A look at various video codecs from the 90s

January 18th, 2021

Since I had nothing better to do during Christmas “vacation” (it is the first time I’m in Germany at this time of year so of course I had nothing better to do) I looked at various codecs, mostly from last century, and wrote some notes about more interesting ones. Here I’d like to give some information about the rest lest I forget it completely.

  • Affinity Video—JPEG rip-off;
  • Lsvx—H.263 rip-off with possible raw frames;
  • Morgan TVMJ—I should’ve noticed “MJPEG” in the description sooner;
  • VDOWave 2—an unholy mix of H.263 and wavelets. It uses the coding scheme from H.263 (8×8 blocks, loop filter, halfpel motion compensation and even something suspiciously resembling OBMC) but blocks are coded as three 4×4 blocks that should be recombined using Haar transform into one 8×8 block.

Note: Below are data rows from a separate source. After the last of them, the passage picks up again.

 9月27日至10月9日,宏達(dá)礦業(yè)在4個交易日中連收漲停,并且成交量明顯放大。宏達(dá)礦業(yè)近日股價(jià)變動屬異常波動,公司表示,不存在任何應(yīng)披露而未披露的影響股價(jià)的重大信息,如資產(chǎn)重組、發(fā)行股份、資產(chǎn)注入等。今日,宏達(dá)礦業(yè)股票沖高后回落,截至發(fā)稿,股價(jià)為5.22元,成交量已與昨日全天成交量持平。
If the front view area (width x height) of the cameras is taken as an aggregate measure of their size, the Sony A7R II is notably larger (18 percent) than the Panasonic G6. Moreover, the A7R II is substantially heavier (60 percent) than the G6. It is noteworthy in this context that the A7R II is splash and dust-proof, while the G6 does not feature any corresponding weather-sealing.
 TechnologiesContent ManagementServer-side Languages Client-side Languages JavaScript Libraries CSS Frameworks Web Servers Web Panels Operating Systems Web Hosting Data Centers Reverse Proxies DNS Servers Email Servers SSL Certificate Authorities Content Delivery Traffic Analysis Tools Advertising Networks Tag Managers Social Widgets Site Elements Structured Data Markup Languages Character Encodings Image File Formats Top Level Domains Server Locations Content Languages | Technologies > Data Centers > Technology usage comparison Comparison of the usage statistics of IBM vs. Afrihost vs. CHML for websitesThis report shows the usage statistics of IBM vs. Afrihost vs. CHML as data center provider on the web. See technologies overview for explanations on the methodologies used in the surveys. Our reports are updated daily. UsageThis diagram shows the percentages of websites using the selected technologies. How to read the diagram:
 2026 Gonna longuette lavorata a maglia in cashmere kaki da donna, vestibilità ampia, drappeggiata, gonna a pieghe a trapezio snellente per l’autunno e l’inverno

Plus there might be an additional enhancement layer for the whole frame based on the same wavelet as well.

And I should mention VSS Codec Light. While it is hard to get through all those levels of C++ abstractions, looks like it has arithmetic coding with static models, 4×4/8×8/16×16 blocks, 8×8 DCT, and five different wavelets variants to boot. At least it’s not another JPEG or H.263 rip-off.

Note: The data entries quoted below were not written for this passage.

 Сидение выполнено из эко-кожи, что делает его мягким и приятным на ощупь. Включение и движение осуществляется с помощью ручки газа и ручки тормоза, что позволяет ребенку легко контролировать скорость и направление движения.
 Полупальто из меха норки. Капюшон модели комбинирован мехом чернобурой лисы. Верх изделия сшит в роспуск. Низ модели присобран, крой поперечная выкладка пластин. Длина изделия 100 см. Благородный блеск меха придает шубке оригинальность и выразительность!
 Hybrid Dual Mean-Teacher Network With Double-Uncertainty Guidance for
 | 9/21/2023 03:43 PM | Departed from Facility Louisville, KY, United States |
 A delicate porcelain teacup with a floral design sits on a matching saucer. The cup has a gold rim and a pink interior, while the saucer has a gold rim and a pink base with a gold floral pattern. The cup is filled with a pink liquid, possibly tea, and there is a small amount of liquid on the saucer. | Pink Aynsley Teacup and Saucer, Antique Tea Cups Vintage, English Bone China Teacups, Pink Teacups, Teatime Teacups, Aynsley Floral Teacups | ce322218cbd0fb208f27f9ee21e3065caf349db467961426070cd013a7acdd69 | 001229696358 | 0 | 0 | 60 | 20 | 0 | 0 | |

Overall it feels that back in those days you had mostly JPEG rip-offs, H.263 rip-offs and wavelet-based codecs. I tried to look at more of the latter but one of the codecs turned out to be an impenetrable mess of deeply nested calls that seem to add stuff to the lists to be processed later somehow and another codec demonstrated that Ghidra disassembler has bugs in handling certain kinds of instructions involving FS register IIRC. In result it thinks the instruction should be a byte or two longer than it really is. So unless this is fixed I can’t look at it. There are still plenty old codecs I’ve not looked at.

A look at ACT-L2

January 9th, 2021

This is yet another video codec from the 90s used for streaming and completely forgotten now. But since I had nothing better to do I decided to look at it as well.

Essentially it is another H.263 rip-off with a twist. From H.263 it took overall codec design (I/P-frames, 8×8 DCT, DC prediction, OBMC) but the data coding is special. For starters, they don’t use any codebooks but rather rely on fixed-width bitfields. And those bit values are not written as they occur but rather packed together into separate arrays. There’s a way to improve compression though: those chunks can be further compressed using binary arithmetic coder with an adaptive model to code bytes (i.e. you have 256 states and you select state depending on which bits you have already decoded).

Additionally it has somewhat different method of coding block coefficients. Instead of usual (zero-run, level, end-of-block) triplets assigned to a single code it uses bit flags to signal that certain block areas (coefficients 0-3, 4-7, 8-11 and 12-63) are coded and for the first three areas it also transmits bit flags to signal that the coefficient is coded. And only the last area uses zero-run + level coding (using explicit bitfields for each).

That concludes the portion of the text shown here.